The difficulty with drawing an image into focus can itself be a metaphor for looking to the future. In reflecting on the relationship between reality and its perception, Federica Francesconi (born Milan, 1994) creates paintings dotted with shadows that appear to deceive like the Platonic myth of the cave. They are projections of reality yet they detach themselves from it, the extent to which is not known. The imperceptible and the uncertain becomes a powerful image of a future whose contours, but not substance, are loosely perceived. Equally uncertain is the image from the video Struggle for Life by Irene Fenara (born Bologna, 1990): the first piece made by the artist using the technology of surveillance cameras talks about reaching for the sky, a notion that is constantly betrayed by the settings of a machine that lead us to look back down. In this case, the projection towards the future seems to clash with the weight of a present that does not leave wide escape routes.

Finally, we have the star of the Planetario by Gabriella Siciliano (born Naples, 1990), another invitation to look at the sky but this time with the enchanted gaze of children, which through a shimmering plastic surface is able to see the beauty of the cosmos, of infinite worlds and possibilities. As in many works by Siciliano, the lightness of the vision is struck by a sense of melancholy, projecting us into a celebration that, despite not having begun, seems to have already ended. One therefore wonders whether the impulse to predict and tell the story of the future is not in fact another opportunity to deal with our individual and existential fragilities that are shared and deeply anchored to the present.
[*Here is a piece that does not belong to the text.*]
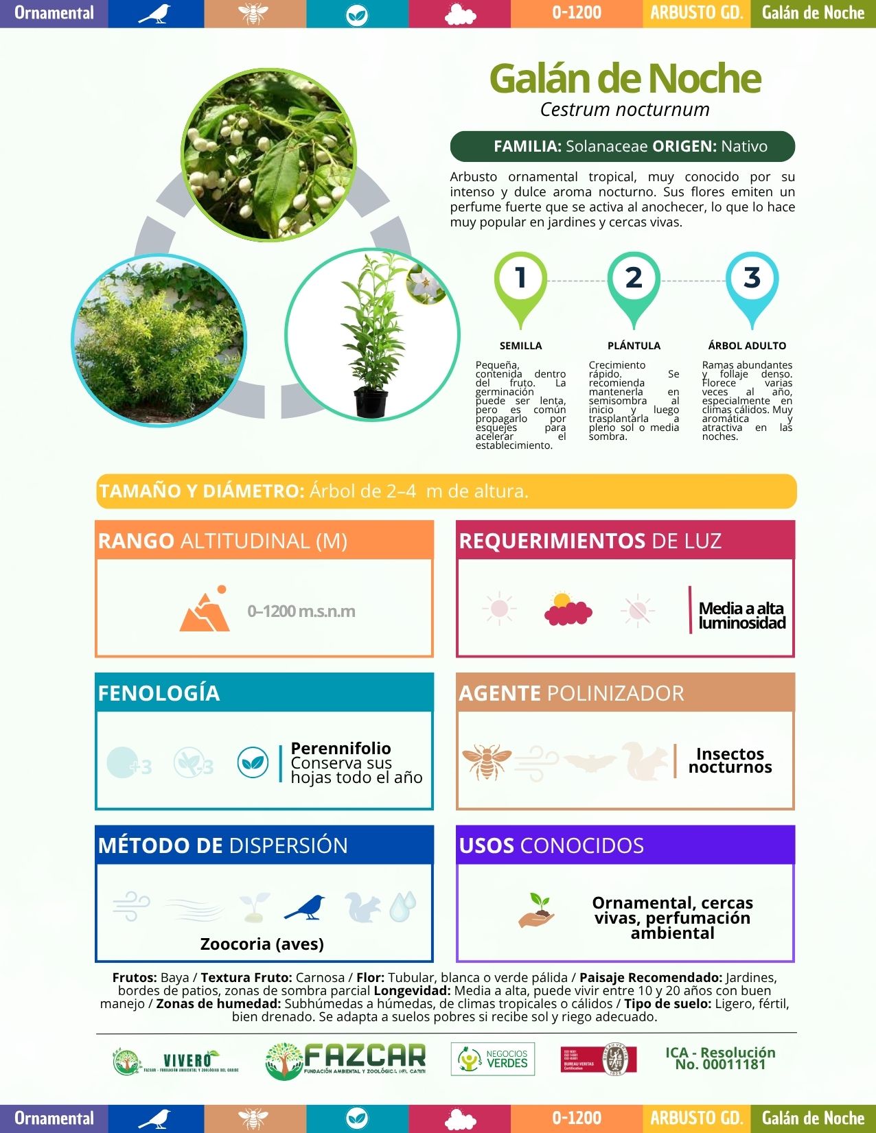 Arbusto tropical muy apreciado por su perfume dulce y penetrante que se libera al caer la noche. Su floración blanca o verdosa es constante en climas cálidos y húmedos. Ideal para jardines, setos y áreas de sombra parcial. Se desarrolla bien en suelos pobres y con buen drenaje.
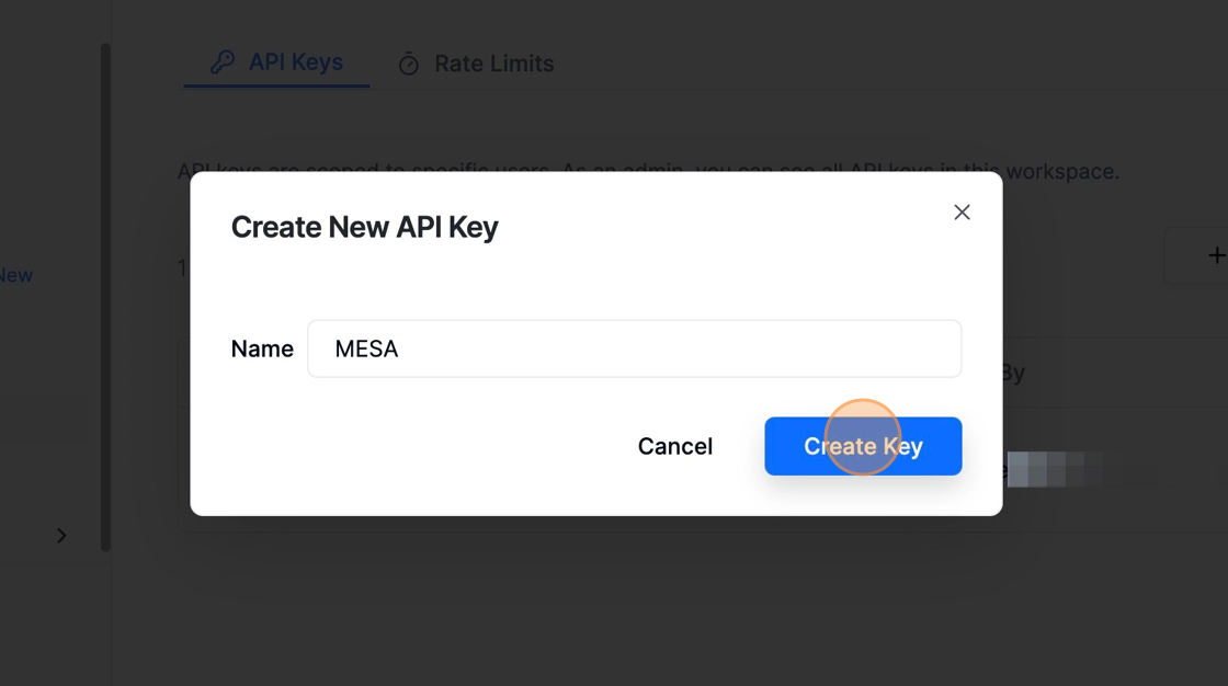 Type MESA for the name and then click the Create Key button.

If the memory of the past lives on in the power of its architectural structures that have reached us, it is perhaps best, in the absence of a properly ‘constructive’ thrust, to rely on these structures to find the right impetus and imagine tomorrow.


[1]Unmonumental is actually an exhibition split into three acts curated by Richard Flood, Laura Hoptman and Massimiliano Gioni and dedicated to the concept of unmonumentality in the field of sculpture, of two-dimensional works and sound: Unmonumental. The Object in the 21st Century (1 December 2007 – 30 March 2008); Collage: The Unmonumental Picture (16 January – 30 March 2008) and The Sound of Things: Unmonumental Audio (13 February – 30 March 2008).

[2] A. Troncone, “Archaeology of an Unwritten History The Artwork as an Artefact of the Future”, inQuaderni d’arte italiana III, September 2022, pp. 62-69; Ead., Costruire la memoria disfacendo la materia. Appunti per un’archeologia del futuro, essay for the exhibition of the series Paesaggio of La Quadriennale di Roma, Palazzo Braschi, Rome, 19 November 2022 – 15 January 2023, with works by Alessandro Biggio and Antonio Fiorentino.

[3]Z. Bauman, Liquid Times: Living in an Age of Uncertainty, Polity, 2007; J. Butler, Precarious Life: The Powers of Mourning and Violence, Verso, 2004; R. Sennett, The Corrosion of Character, The Personal Consequences Of Work In the New Capitalism, Norton, 1998; L. Caffo, Fragile umanità. Il postumano contemporaneo, Einaudi, 2017.

[4]  The Generational. Younger Than Jesus, curated by Laura Cornell, Massimiliano Gioni, Laura Hoptman, New Museum of Contemporary Art, New York, 8 April-14 June 2009.

[5]  L. Caffo, Fragile umanità. Il postumano contemporaneo, Einaudi, 2017, pp. 55-61.